If all insurance dissapeared tomorrow I dont think anyone but upper class people could afford health care.





I went to the emergency room after a weight lifting injury and I was charged $300 for each doctor that came in and just said "hello, how are you" 4 doctors, what kind of crap is that? And the nurses did most if not all of the work, they are the ones that are under-paid.

Do you think that the prices of medical and dental care are inflated because?
Charges are inflated because of insurance companies and government ineptitude and meddling:


When 75% of the people who declare bankruptcy over medical bills ARE INSURED, then insurance is CLEARLY not the answer.


"Aldrich’s situation is "asinine" but increasingly common, said Dr.
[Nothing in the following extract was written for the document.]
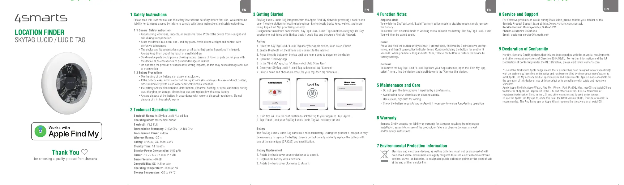 Lies die bedienungsanleitung für 4smarts SkyTag Lucid (2 Seiten) kostenlos online; sie gehört zur Kategorie Nicht kategorisiert. Dieses Handbuch wurde von 18 Personen als hilfreich bewertet und erhielt im Schnitt 4.2 Sterne aus 9.5 Bewertungen. Hast du eine Frage zu 4smarts SkyTag Lucid oder möchtest du andere Nutzer dieses Produkts befragen? Stelle eine Frage
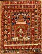Mithila Painting is practiced in the Mithila region of Nepal and India. This tradition dates back to country the 7th century AD. Mithila painting is done with twigs, fingers, natural dyes and pigments. Artists make pictures of natural objects like sun, moon, and deities from mythological epics, royal courts, and weddings.[4] Researchers have discovered much Buddhist art in caves of Mustang area which dates back to 12 century or earlier.[5] Style, technique, materials and subject of painting differed with the ethnic origin of the artists. Artists from the Newar community made most of the paintings that illuminated Buddhist manuscripts and book covers as well as devotional paintings on cloth. Newari artists were renowned throughout Asia for the high quality of their workmanship.[1] Newari painting style 'Beri' was famous in Tibet. Beri was adopted as Tibet’s universal painting style in the 14th century.[6]

Deborah Thorne of Ohio University. Thorne, co-author of a widely quoted 2005 study that found medical bills contributed to nearly half of the 1.5 million personal bankruptcies filed in the U.S. each year, said that ratio has likely worsened since the data was gathered.


...


Like Aldrich, Thorne said, three-quarters of the individuals in the study who declared bankruptcy because of health problems were insured. "


http://www.msnbc.msn.com/id/20201807/





Linda Peeno, MD testified that SHE had often denied treatment JUST to save the insurance company money http://www.thenationalcoalition.org/DrPe...





Furthermore:


"the vast majority of health insurance policies are through for-profit stock companies. They are in the process of “shedding lives” as some term it when “undesirable” customers are lost through various means, including raising premiums and co-pays and decreasing benefits (Britt, “Health insurers getting bigger cut of medical dollars,” 15 October 2004, investors.com). That same Investors Business Daily article from 2004 noted the example of Anthem, another insurance company. They said the top five executives (not just the CEO) received an average of an 817 percent increase in compensation between 2000 and 2003. The CEO, for example, had his compensation go from $2.5 million to $25 million during that time period. About $21 million of that was in stock payouts, the article noted.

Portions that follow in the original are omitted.